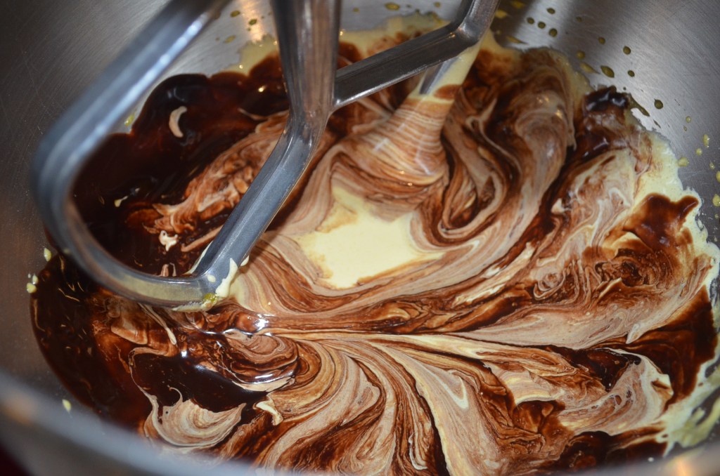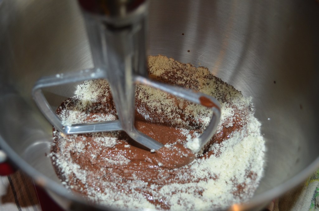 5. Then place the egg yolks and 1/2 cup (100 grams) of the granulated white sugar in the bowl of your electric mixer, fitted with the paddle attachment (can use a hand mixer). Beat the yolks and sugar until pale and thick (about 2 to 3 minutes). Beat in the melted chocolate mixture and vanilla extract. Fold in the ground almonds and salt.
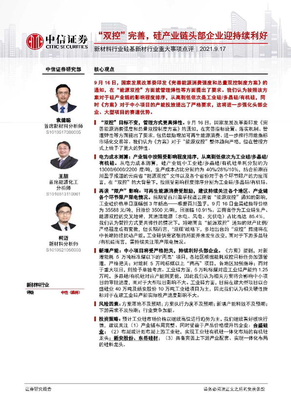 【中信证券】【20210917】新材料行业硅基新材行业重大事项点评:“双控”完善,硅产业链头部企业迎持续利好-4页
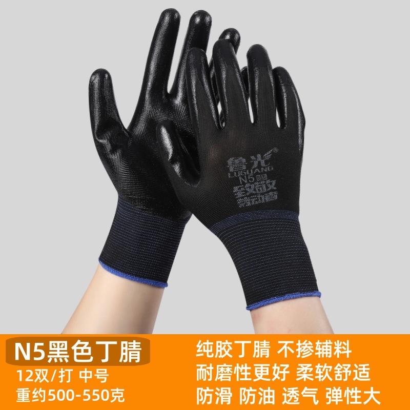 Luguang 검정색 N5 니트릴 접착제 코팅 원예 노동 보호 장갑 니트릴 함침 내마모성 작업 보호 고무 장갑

------------------------------------------------------------------------

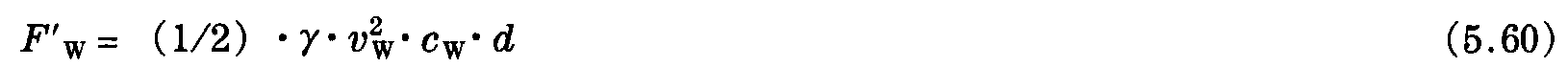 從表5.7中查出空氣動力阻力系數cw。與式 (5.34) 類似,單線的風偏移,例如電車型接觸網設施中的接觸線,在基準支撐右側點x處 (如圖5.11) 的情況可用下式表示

------------------------------------------------------------------------

What you have to do:
What is needed is an exact copy of the lines above from the one with "5. Then place" to the one with "Luguang 검정색 N5", both ends kept, and nothing more; please leave the pictures out.

The completed task:
 5. Then place the egg yolks and 1/2 cup (100 grams) of the granulated white sugar in the bowl of your electric mixer, fitted with the paddle attachment (can use a hand mixer). Beat the yolks and sugar until pale and thick (about 2 to 3 minutes). Beat in the melted chocolate mixture and vanilla extract. Fold in the ground almonds and salt.
 【中信证券】【20210917】新材料行业硅基新材行业重大事项点评:“双控”完善,硅产业链头部企业迎持续利好-4页
 Luguang 검정색 N5 니트릴 접착제 코팅 원예 노동 보호 장갑 니트릴 함침 내마모성 작업 보호 고무 장갑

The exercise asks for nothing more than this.